Here, Edward walked across the street and tripped over the donut, which had been located in the center island of the crosswalk. The black donut was difficult to see due to the dark surroundings during the early evening. Plaintiffs' engineering liability expert reviewed photographs of the donut located on the pedestrian walkway and opined that a dangerous condition existed, and he concluded that defendant acted in a palpably unreasonable manner, which caused the dangerous condition. Plaintiffs' expert opined that the presence of the black donut created a reasonably foreseeable risk of injury to any pedestrian. He also concluded that Edward acted reasonably when he legally crossed the street at the designated pedestrian crossing in the early evening and failed to see the black donut. Looking at the facts in the light most favorable to plaintiffs, we conclude a disputed issue of fact exists as to whether a dangerous condition existed.
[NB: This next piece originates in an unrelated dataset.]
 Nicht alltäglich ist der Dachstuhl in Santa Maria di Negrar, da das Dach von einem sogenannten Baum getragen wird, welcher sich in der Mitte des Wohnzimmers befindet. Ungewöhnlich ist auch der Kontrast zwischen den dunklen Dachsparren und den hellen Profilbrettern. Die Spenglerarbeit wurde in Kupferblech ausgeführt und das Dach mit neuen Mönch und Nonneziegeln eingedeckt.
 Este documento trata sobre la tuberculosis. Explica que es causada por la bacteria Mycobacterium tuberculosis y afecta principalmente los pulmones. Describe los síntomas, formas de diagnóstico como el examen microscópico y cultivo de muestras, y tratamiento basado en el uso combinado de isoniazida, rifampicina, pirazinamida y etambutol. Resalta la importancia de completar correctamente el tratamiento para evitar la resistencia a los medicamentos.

The law is also settled as to what constitutes constructive notice of a dangerous condition under the TCA. N.J.S.A. 59:4-3 provides:
a. A public entity shall be deemed to have actual notice of a dangerous condition . . . if it had actual knowledge of the existence of the condition and knew or should have known of its dangerous character.
b. A public entity shall be deemed to have constructive notice of a dangerous condition . . . only if the plaintiff establishes that the condition had existed for such a period of time and was of such an obvious nature that the public entity, in the exercise of due care, should have discovered the condition and its dangerous character.However, "[t]he mere '[e]xistence of an alleged dangerous condition is not constructive notice of it.'" Arroyo v. Durling Realty, LLC, 433 N.J. Super. 238, 243 (App. Div. 2013) (second alteration in original) (quoting Sims v. City of Newark, 244 N.J. Super. 32, 42 (Law Div. 1990)). It follows that absent actual or constructive notice, the public entity cannot have acted in a palpably unreasonable manner. Maslo v. City of Jersey City, 346 N.J. Super. 346, 350-51 (App. Div. 2002).
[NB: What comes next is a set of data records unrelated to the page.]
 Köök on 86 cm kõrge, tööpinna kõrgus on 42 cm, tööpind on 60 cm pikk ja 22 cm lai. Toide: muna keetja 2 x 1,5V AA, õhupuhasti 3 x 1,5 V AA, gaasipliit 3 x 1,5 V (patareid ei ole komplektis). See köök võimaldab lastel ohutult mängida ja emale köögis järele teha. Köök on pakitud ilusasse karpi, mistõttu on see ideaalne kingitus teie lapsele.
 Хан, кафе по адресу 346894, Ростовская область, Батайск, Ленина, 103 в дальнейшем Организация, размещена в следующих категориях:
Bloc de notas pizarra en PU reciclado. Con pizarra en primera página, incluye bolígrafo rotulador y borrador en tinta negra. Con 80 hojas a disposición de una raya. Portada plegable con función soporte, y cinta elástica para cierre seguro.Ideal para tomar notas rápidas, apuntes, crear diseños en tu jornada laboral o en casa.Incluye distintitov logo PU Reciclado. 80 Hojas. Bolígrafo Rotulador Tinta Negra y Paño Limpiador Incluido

Here, the construction donut had previously been left at the location of the accident site and remained there for at least nine months. Photographs of the donut showed its existence for this timeframe. Photographs taken both nine months and two months before the date of the accident also revealed the donut stayed in the same location. Three months before the incident, a significant public works project, involving repaving and restriping, occurred in the area around the accident site. And photographs of that project showed the donut had not been moved. Although not determinative, we note that defendant did not inspect the area at the time of the repaving and restriping, and even if it did, the donut remained in its location for many months after the accident. Looking at the facts in the light most favorable to plaintiffs, we conclude a disputed issue of fact exists as to constructive notice.
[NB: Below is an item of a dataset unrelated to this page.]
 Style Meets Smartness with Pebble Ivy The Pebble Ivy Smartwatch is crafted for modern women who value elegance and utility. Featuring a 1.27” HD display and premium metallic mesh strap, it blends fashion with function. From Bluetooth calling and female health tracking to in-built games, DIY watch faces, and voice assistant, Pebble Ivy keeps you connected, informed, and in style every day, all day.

Palpably unreasonable conduct "means 'behavior that is patently unacceptable under any circumstance' and that it must be 'manifest and obvious that no prudent person would approve of [the public entity's] course of action or inaction.'" Pandya v. State, Dep't of Transp., 375 N.J. Super. 353, 372 (App. Div. 2005) (alteration in original) (quoting Holloway v. State, 125 N.J. 386, 403-04 (1991)). In most circumstances, "[p]alpable unreasonableness is a question of fact." Vincitore, 169 N.J. at 130. As noted, the uncontested opinion testimony from plaintiffs' liability expert sufficiently addressed the issue of palpable unreasonableness in his report, which created a fact issue for the jury.
Reversed and remanded. I hereby certify that the foregoing is a true copy of the original on file in my office.